Re: Newbie : Garbage Collection of Sequences (Server Side)
- From: Michael Meeks <michael ximian com>
- To: "Mr C.A.Beazley" <cbeazley hgmp mrc ac uk>
- Cc: <orbit-list gnome org>
- Subject: Re: Newbie : Garbage Collection of Sequences (Server Side)
- Date: Tue, 6 Nov 2001 17:31:13 -0500 (EST)
Hello Mr Beazley,
On Tue, 6 Nov 2001, Mr C.A.Beazley wrote:
> I'm very new to CORBA and am using Orbit with the C mappings.
Welcome :-)
> I'm trying to write a CORBA server which returns a large sequence of
> strings to the client.
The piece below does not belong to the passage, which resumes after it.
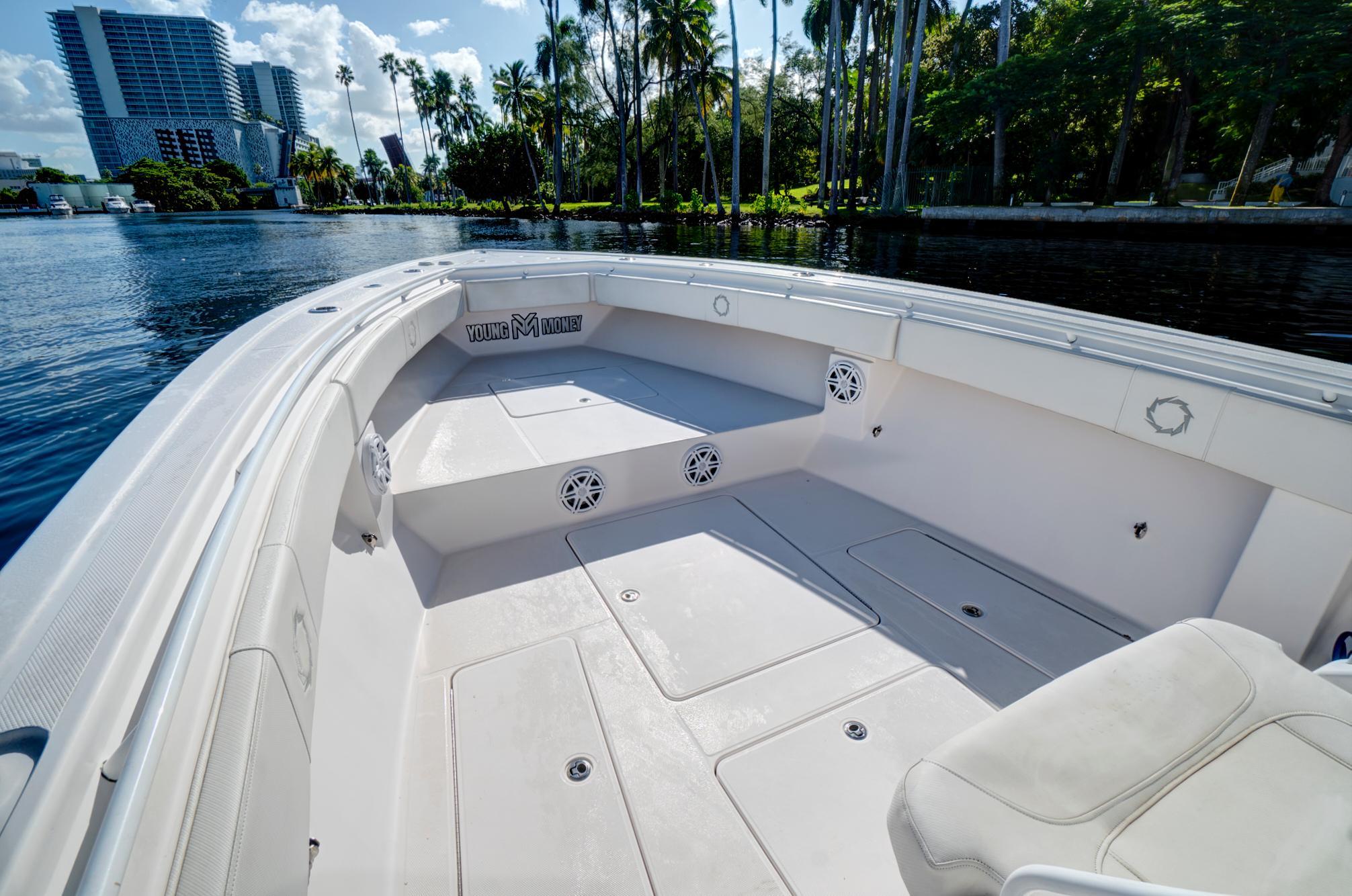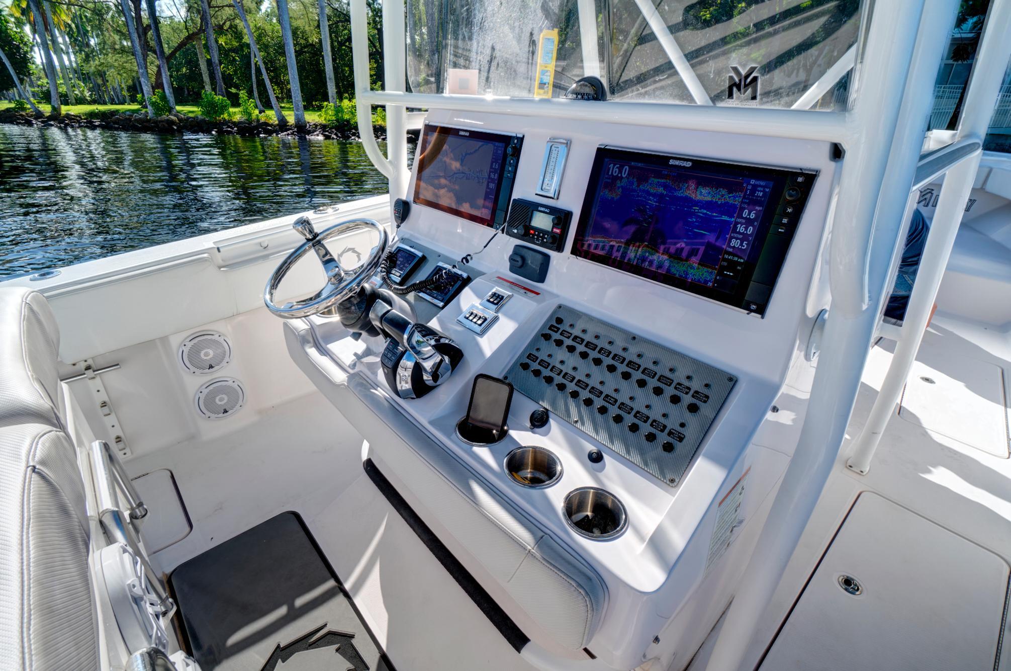 - Center console, pre-wired, fiberglass w/flush mount electronics locker, one-piece plexiglass windshield, molded footrest, walk-in head w/VacuFlush, shower, sink, and 25 quart cooler under forward-facing seat.

I don't know before hand how large the
> sequence will be so I am using a unbounded sequence
Sounds great.
> The problem I'm having is that once I've returned the sequence, I
> don't know how get the server to free up the memory allocated to the
> sequence, which results in large memory leakage.
This is done in the skel; or in the client code - it's worth just
reading the skel a minute - it adds a whole load to ones understanding ( I
think ).
> CORBA_sequence_CORBA_string *
> get_StringSequence(PortableServer_Servant servant,CORBA_Environment *ev)
> {
>
> int count;
> CORBA_sequence_CORBA_string *sequence;
>
> sequence=CORBA_sequence_CORBA_string__alloc();
> sequence->_buffer=CORBA_sequence_CORBA_string_allocbuf(1000);
> sequence->_length=1000;
>
> for(count=0;count<1000;++count){
> sequence->_buffer[count] = CORBA_string_dup ("Hello
World\n");
> }
> return sequence;
Ok :-) and here is where we learn about the _release flag.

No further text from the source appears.